C’est au milieu de cette dureté qu’ une génération s’est tenue debout. Il faut bien comprendre que la jeunesse ne voit plus d’avenir ici. Leur ambition n’est même pas de fuir le pays pour une vie meilleure, mais plutôt de s’exiler pour envoyer de quoi faire vivre ceux restés au pays.
Cette libération, nous la devons également à la diaspora, ceux qui, il y a des années, étaient comme cette jeunesse et qui ont réussi à partir. Sur les réseaux sociaux, de Paris à Montréal, de Maurice à Genève, elle a donné un écho à leurs colères, une crédibilité à leurs combats, une visibilité à leur espérance. L’attachement de la diaspora se traduit comme un miroir tendu à la jeunesse restée au pays qui lui renvoie son courage, son intelligence et sa dignité.
Malgré cette extrême pauvreté, Madagascar a tout pour vivre dignement. Des terres fertiles, de l’or, des minerais rares, une mer généreuse et une jeunesse instruite
Oui, nous avons des ingénieurs, des développeurs, des techniciens qui font tourner les systèmes informatiques de l’Europe. Nous avons également des ressources naturelles capables de financer nos hôpitaux, nos écoles, nos infrastructures. Mais tout ce que nous produisons enrichit d’autres. Nos richesses partent, nos talents s’exportent et nos efforts servent ailleurs. Nous sommes devenus les petites mains du progrès mondial, une économie sous-traitée et dépossédée de son propre futur.
Un ami m’a récemment raconté un souvenir, un matin au nord de Majunga, des pêcheurs tiraient leurs filets troués dans un estuaire. Un chalutier chinois s’est approché, immense et mécanique. En quelques minutes, il a tout emporté. Les pirogues tanguaient, impuissantes. Cette image dit tout, un pays riche, pillé à ciel ouvert, sans que personne ne s’en émeuve vraiment. Mais elle dit aussi notre résistance que même après le saccage, la mer finit toujours par revenir. Car ce qui est tombé aujourd’hui, ce n’est pas seulement un homme, c’est un système. Celui des connivences, de la complaisance et de la peur intériorisée.
Car en effet, changer de président ne servira à rien si la logique d’impunité persiste
Ce n’est pas d’un homme providentiel dont Madagascar a besoin, mais d’un État qui se gouverne enfin avec exigence et courage. L’administration publique doit redevenir un service public et non plus un espace corruption, de favoritisme et de passe droit. Il faut aller plus loin que le symbole, refonder les institutions, dépolitiser la fonction publique, instaurer des mécanismes indépendants de contrôle des marchés et des finances publiques.

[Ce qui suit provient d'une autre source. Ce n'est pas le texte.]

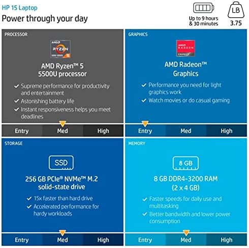 AMD Ryzen 5 5500U (up to 4.0 GHz Max Boost Clock, 8 MB L3 Cache, 6 Cores, 12 threads) With AMD Radeon Graphics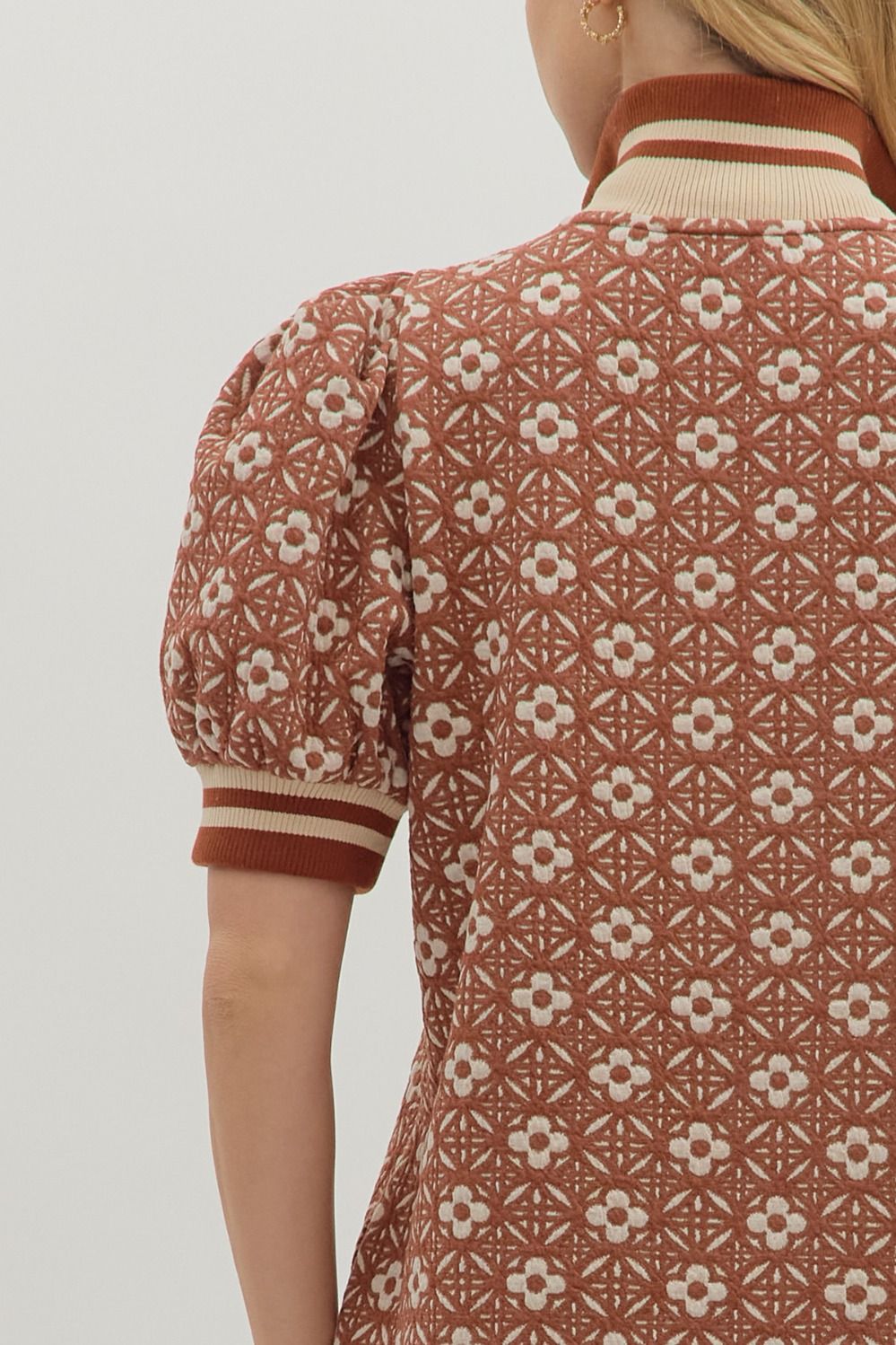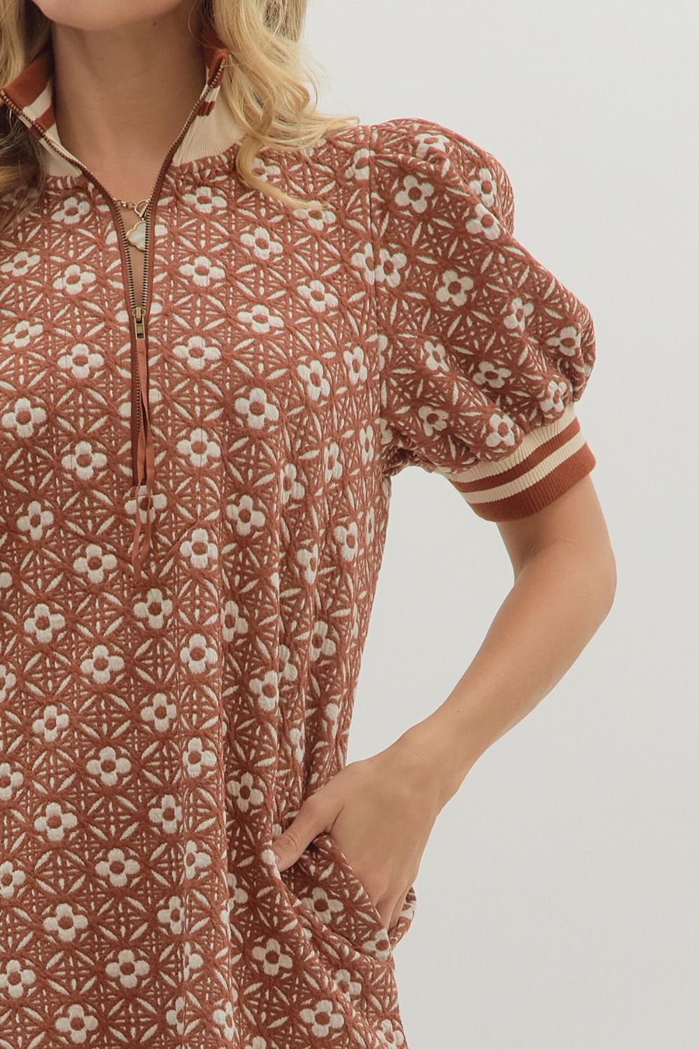 Floral textured mini dress featuring half zip closure at front, short puff sleeves, inseam side pockets, and accented ribbed collar and cuffs. Unlined.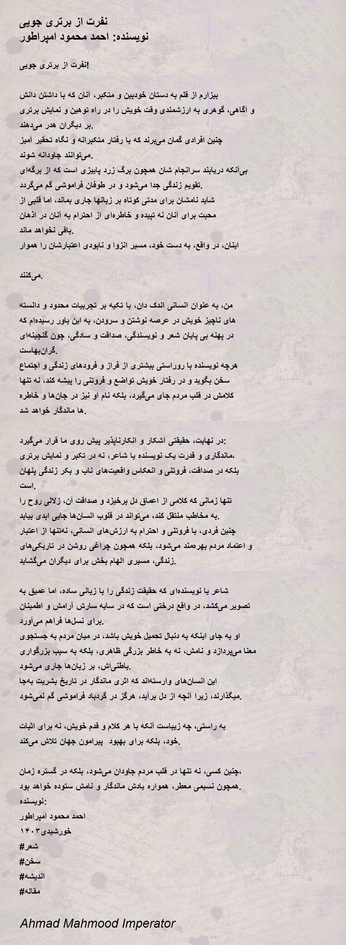 بیزارم از قلم به دستان خودبین و متکبر، آنان که با داشتن دانش و آگاهی، گوهری به ارزشمندی وقت خویش را در راه توهین و نمایش برتری بر دیگران هدر میدهند.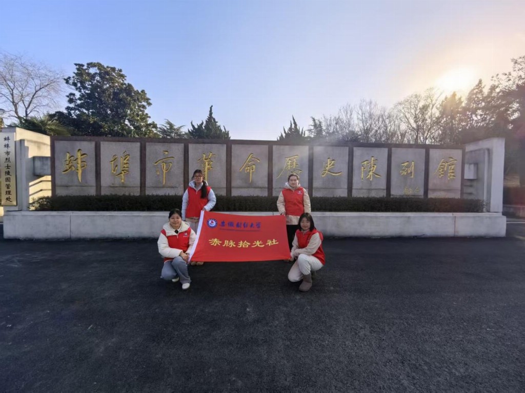 1 月 13 日清晨,寒意未消,赤脉拾光社的成员们已抵达蚌埠市革命历史陈列馆。拾级而上,苍松翠柏环绕的革命烈士陵园庄严肃穆,团队成员在革命烈士纪念碑前整齐列队,低头默哀三分钟。风拂过碑前的鲜花,沙沙声中,那份对革命先辈的崇敬与缅怀,悄然在每个人心底蔓延。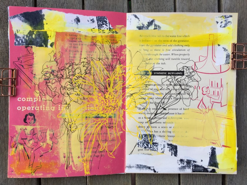 I felt like I was neglecting my little art journal for the Season of Play at Get Messy this week. So one evening I picked it up along with some collage pieces I had chosen, cut out and left to one side. Rather than wait for inspiration to strike I decided to just go for it and make a page with these ladies, a constellation map and some butterflies with a few swipes of paint. I have also just signed up for Sketchbookery so I did a little sketching practice on this page too in the form of a flower blind contour drawing or three.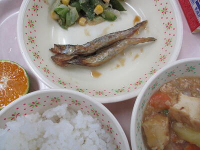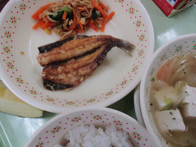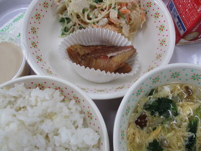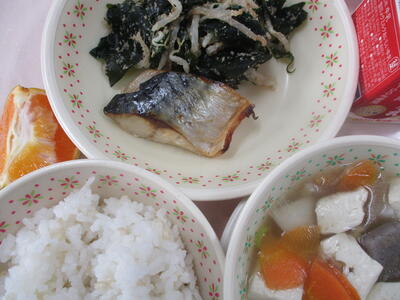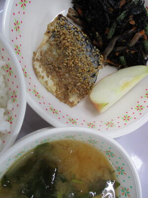 ※「サバのピリ辛焼き」「ひじきの炒り煮」「ジャガイモとタマネギの味噌汁」「りんご」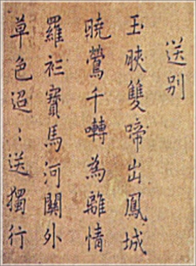 최경창은 떠나는 홍낭을 이별하면서 절절히 가슴을 오려내는 심정을 담아 [송별:送別]이라는 시를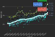 - 하단에 이어지는 거래량 막대차트(bar chart)와 함께 비교해보는 것이 좋습니다.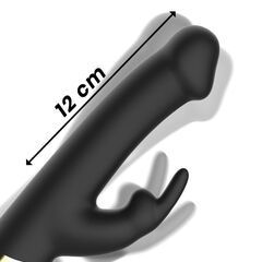 Вибратор-кролик с 2 мощными моторами обеспечивает одновременную стимуляцию точки G и клитора, а функция ротации усиливает глубину и точность воздействия, помогая быстрее достичь яркой разрядки. Устройство предлагает расширенный диапазон настроек: 5 скоростей вращения и 10 частот вибрации — от мягкого, едва уловимого пульса до экстремально интенсивных волн. Вибратор выполнен из ультра-мягкого медицинского силикона, безопасного для тела, гипоаллергенного и не содержащего фталаты. Эргономичная форма идеально повторяет анатомию тела, обеспечивая точечную стимуляцию и максимальный комфорт. Ёмкий аккумулятор с магнитной USB-зарядкой позволяет наслаждаться часами удовольствия без перерывов, а влагозащита IPX6 делает вибратор полностью подходящим для использования в душе. Рабочая длина - 12 см.

Que les budgets, les marchés, les contrats miniers soient publiés en ligne, accessibles à tous. Que le numérique, longtemps détourné à des fins de surveillance ou de communication politique, devienne un outil de transparence performant dans l’administration. Nos ressources, terres, mers, minerais, savoirs, doivent cesser de nourrir les richesses d’autruis pour enfin financer nos écoles, nos hôpitaux et nos routes.

Le calme actuel n’aura de valeur que s’il mène à la justice. La stabilité, que si elle ouvre la voie à la réforme.

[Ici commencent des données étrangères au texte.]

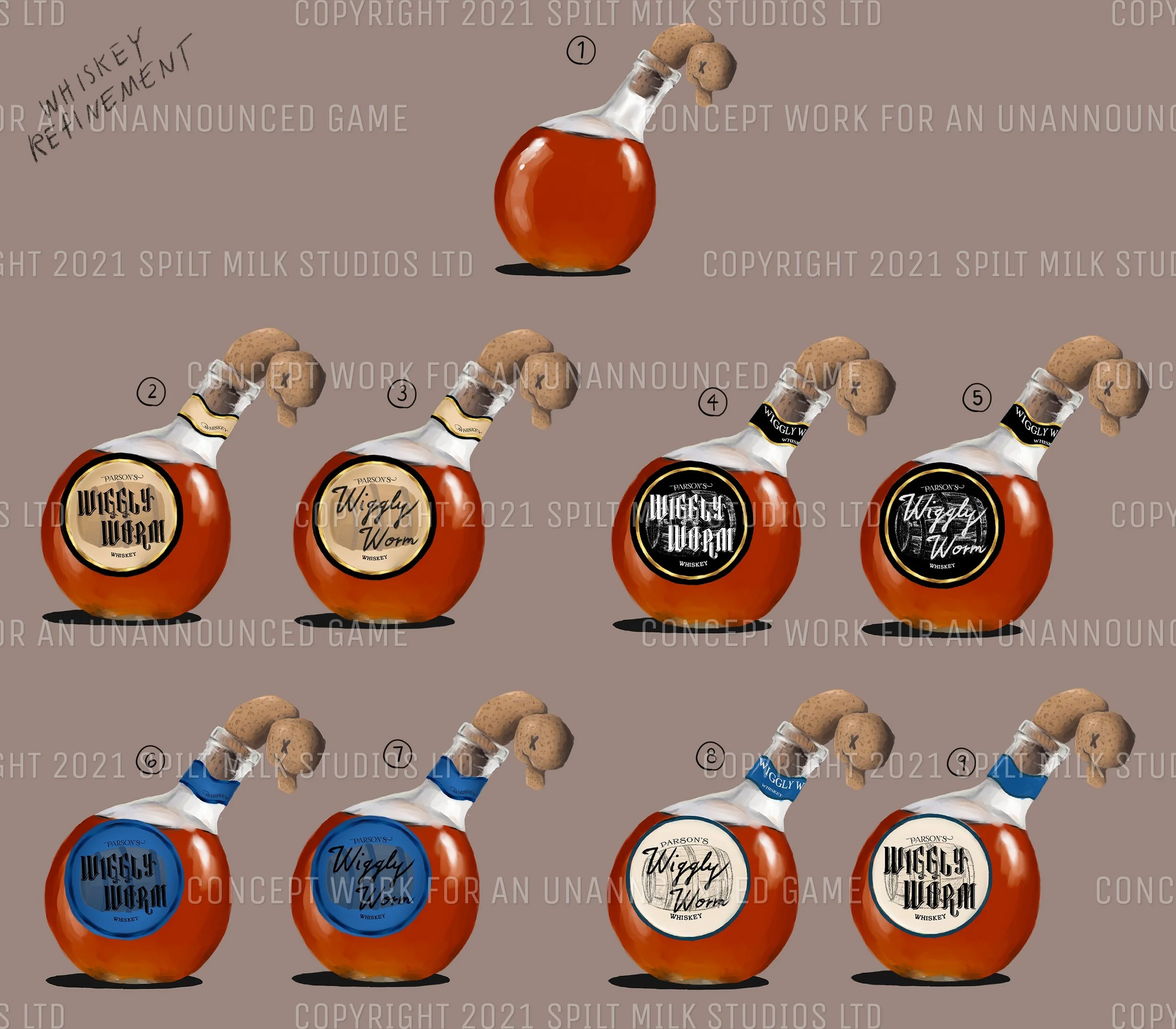 Designs I created for Spilt Milk Studios for in-game products consisting of whiskey, a coin, and a logo design.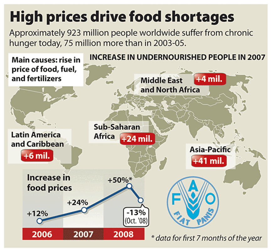 The problem is playing out across the globe: food prices rose by 24 percent in 2007, pushing 75 million more people into chronic hunger, estimates the United Nations' Food and Agricultural Organization (FAO). In 2008, food prices surged again by 51 percent, meaning that millions more are likely to join the 923 million people already suffering from malnutrition. World food prices have come down by a modest 6 percent since September, the FAO estimates, but that can't reverse the damage already wreaking its way across the globe.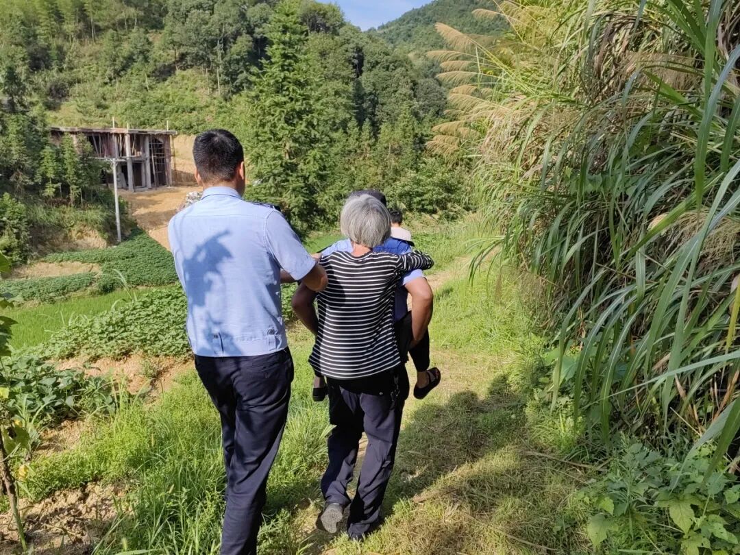 恰逢天气炎热,老人一天水米未进,民警第一时间查看并询问老人身体状况,发现老人全身打颤,呼吸急促,已无法表达,为避免老人中暑晕厥,现场警民合力将老人移至阴凉处解暑降温,待老人身体稍缓,民警随即将老人背负下山,通过及时救治,老人状态缓和。

Ce qui se joue aujourd’hui, ce n’est pas la fin d’un régime ni un éternel recommencement, c’est surtout l’occasion ou jamais, de nous prendre en main pour un vrai tournant et une nouvelle vision. Mais cet élan ne tiendra que si l’armée rend rapidement le pouvoir à une entité civile, qu’elle soit collégiale, gouvernementale ou transitoire mais capable de penser un nouveau système, et pas seulement d’organiser de nouvelles élections. Revenir trop vite aux vieilles pratiques serait répéter les mêmes erreurs.

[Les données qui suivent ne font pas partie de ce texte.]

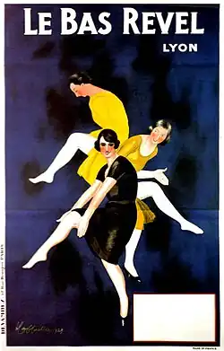 In 1929, Revel diversified into silk stockings and engaged Leonetto Cappiello once again to promote its new products. The artist was inspired by the previous one (with three with umbrellas) and created a poster with three women with silk stockings.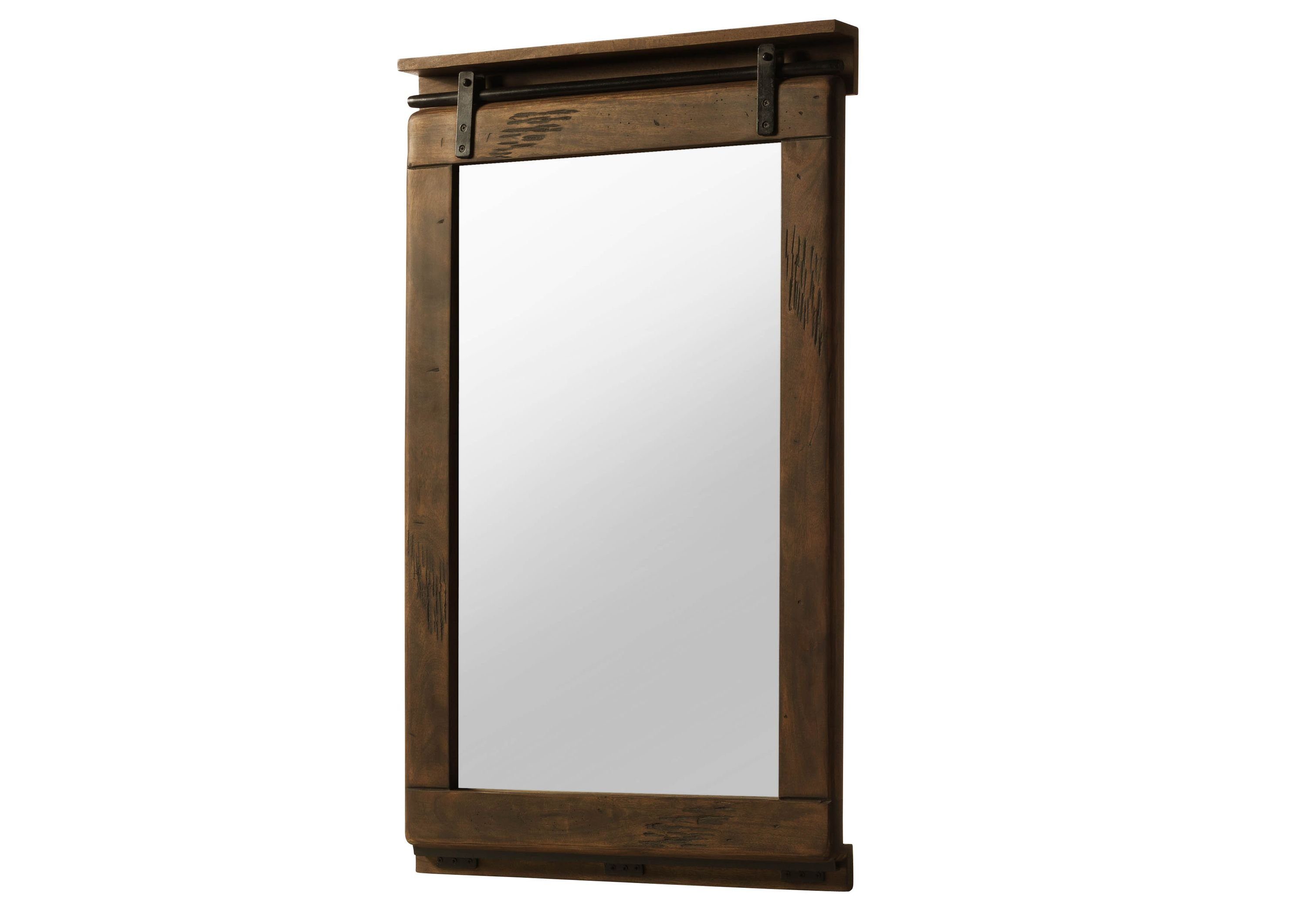 Die Konstruktion des Rahmens und die Bearbeitung der massiven Mango folgt dem industriellen Style: Zwei Holzleisten an den kurzen Kanten heben den Spiegel ein wenig von der Wand ab und verleihen der Silhouette eine weitere Ebene. Ein grober Hobelschlag verleiht der Oberfläche eine aufregende Struktur im Used-Look, während Fräskanten die Linienführung des Rahmens verlängern.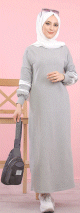 Robe longue look décontracté pour femme musulmane (Vetement hidjab pas cher) - Couleur gris clair - REF. 32528 (19.90 €) - En Promotion à 16.90 €

Le combat sera d’autant plus difficile que la communauté internationale n’acceptera pas facilement notre trajectoire. Elle voudra une autre issue, plus conforme à ses habitudes qu’à notre réalité. Nous serons suspendus, isolés, peut-être punis d’avoir décidé seuls. Malheureusement ce sera le prix à payer pour retrouver notre souveraineté.
Mais, pour la première fois depuis longtemps, nous pouvons nous relever, non par miracle, mais par notre volonté de changer tout un système afin que nos générations à venir puissent vivre libres, dignes et indépendantes.